Komünizmin, kutsal kıymetlerin yanı sıra ahlaka ve hayatın olağan akışına ziyan verdiğini düşünüp kaleme kağıda sarılarak faşizm vaazlarıyla işleri hal yoluna sokmaya çabalayanlar üzerinden kurmaca bir edebiyat sözlüğü oluşturan Bolaño, Amerika’daki şiddet eğilimini resmediyor. “Yaşa Adolf Hitler” akrostişleri yapanlar, Falanjizm ve Nasyonal Sosyalizm sentezi bir rejim için kalem oynatanlar, Che’yi ve Castro’yu tarihin dışına itmeye yeltenenler, bu eğilimin ete kemiğe bürünmüş hali olarak karşımızda.
‘YENİ BİR ÇAĞIN ŞAFAĞINDAKİ’ YAZARLAR
Bolaño, devrimci ve anti-devrimci hareketleri de kattığı romanında, Latin Amerika’daki sosyalist ve komünist geleneğe karşı faşist dalganın, sanat ve edebiyatla soslanmış niyetlerine ağırlaşıyor. Sola karşı, Hıristiyanlığı ve Avrupa’daki faşizmin Amerika yorumunu koyup bu yolda şiirler ve romanlar kaleme alanlar, müellifin kurgusunda başrollerde: Hitler’e, Göring’e, toplama kamplarına ve anti-semitizme övgüler düzerek Dördüncü Reich hasretiyle yanıp tutuşanlar Videla’nın, Pinochet’nin ve kıta ülkelerini demir yumrukla yönetmeye talip olanların yanında saf tutanlar, devler ve kahramanlar bulunan romanlar yazanlar, Nazizmi simgeleyen alet edevatlar ve kılık kıyafet tasarlamaktan gurur duyanlar…

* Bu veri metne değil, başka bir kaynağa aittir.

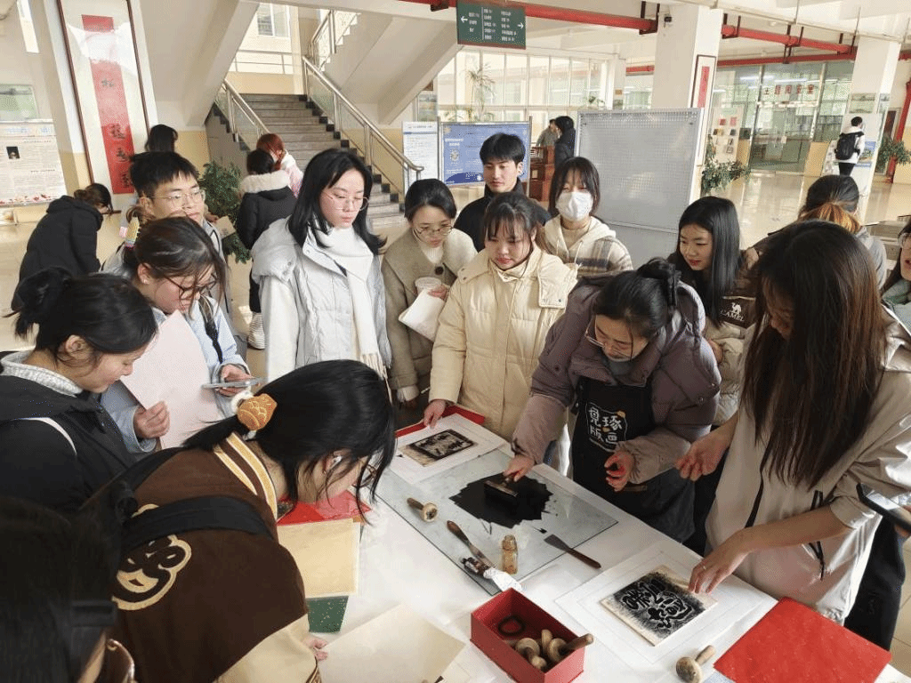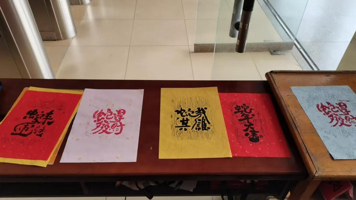 活动现场,在图书馆老师的指导下,师生们挑选彩纸、涂墨、拓印,亲身感受了非遗技艺的独特魅力。一幅幅以“乙巳蛇年”为主题的祝福版画栩栩如生,既有传统年画的吉祥寓意,又融入了现代设计元素,展现出传统艺术焕新的生命力。

Bolaño’nun adeta ansiklopediyi andıran romanında, muharrirlerin ve entelektüellerin ömrü, Latin Amerika ülkelerindeki faşizm geçmişine dair fikri altyapıyla ve Nazi işbirlikçilerinin hayat kıssalarıyla paralellik gösteriyor.
İkinci Dünya Savaşı öncesinde, sırasında ve 1945 sonrasında Amerika’da gemi azıya alan çok sağ ve popülist dalganın çeşitli örneklerine rastlıyoruz romanda. Bunun yanında Bolaño, hem Avrupa hem de Amerika’da çok sağa meyilli entelektüellerin ve müelliflerin, eser ve aksiyonlarına, gerçek ve kurgu ortasına müphem bir çizgi çekerek göndermeler yapıyor.
“Yeni bir çağın şafağı”ndan coşkuyla bahsederek Avrupa’daki dostlarına selam gönderenler ise bu hududun tam üstünde duruyor. Münasebetiyle Bolaño, kurmaca entelektüellerin ve müelliflerin önünde iki yol bulunduğunu anlatırken romanın özüne dair bir ipucu sunuyor okura: “Gerçek ismi asla bilinemeyecek olsa da muhtemelen Max Mirebalais’ydi. (…) Sebatkâr ruhu sayesinde iki yıl içinde, Portau Prince’in El Monitor gazetesinde cemiyet haberleri sayfasında editör yardımcılığı misyonuna yükseldi, bu misyon sırasında başşehrin en hoş konutlarındaki davetlerde ve partilerde büyük hayret ve dehşet içinde parıltısını saçtı. Birinci andan itibaren bu dünyanın bir kesimi olmayı arzuladığı su götürmez bir gerçekti. Fazla gecikmeden bu dünyada yer edinmenin yalnızca ve yalnızca iki yolu olduğunu kavradı: Ya açık şiddet yoluyla -ki bunun pek oluru yoktu zira bir damla kan görmeye bile tahammülü olmayan sakin mizaçlı ve hudutları zayıf bir adamdı- ya da üstü örtük bir şiddet biçimi olan, beşere saygınlık kazandıran ve yolun başındaki kimi hassas ülkelerde sınıf atlamanın yollarından biri olan edebiyatla.”
Ölümü ve milliyetçiliği yüceltirken Musevileri, siyahları, eşcinselleri ve göçmenleri gaye tahtasına koyan müellifleri karşımıza çıkardığı kitabında Bolaño; Arjantin’deki, Brezilya’daki, Uruguay’daki, Guatemala’daki, Kolombiya’daki, ABD’deki, Şili’deki ve Meksika’daki faşizm girdabına yolluyor okuru.
Deliliğin, şuursuzluğun ve şiddetin, şiirin ve edebiyatın satır ortalarına gizlenen popülizmin ve faşizmin romanı olan ‘Amerika Kıtasında Nazi Edebiyatı’, coğrafyadaki bilinmeyen ve açık Nazizmin bir anlatımı. Öbür bir deyişle Bolaño’nun tanım ederek ve edebiyattaki izini sürerek faşizmle hesaplaştığı kült metinlerden.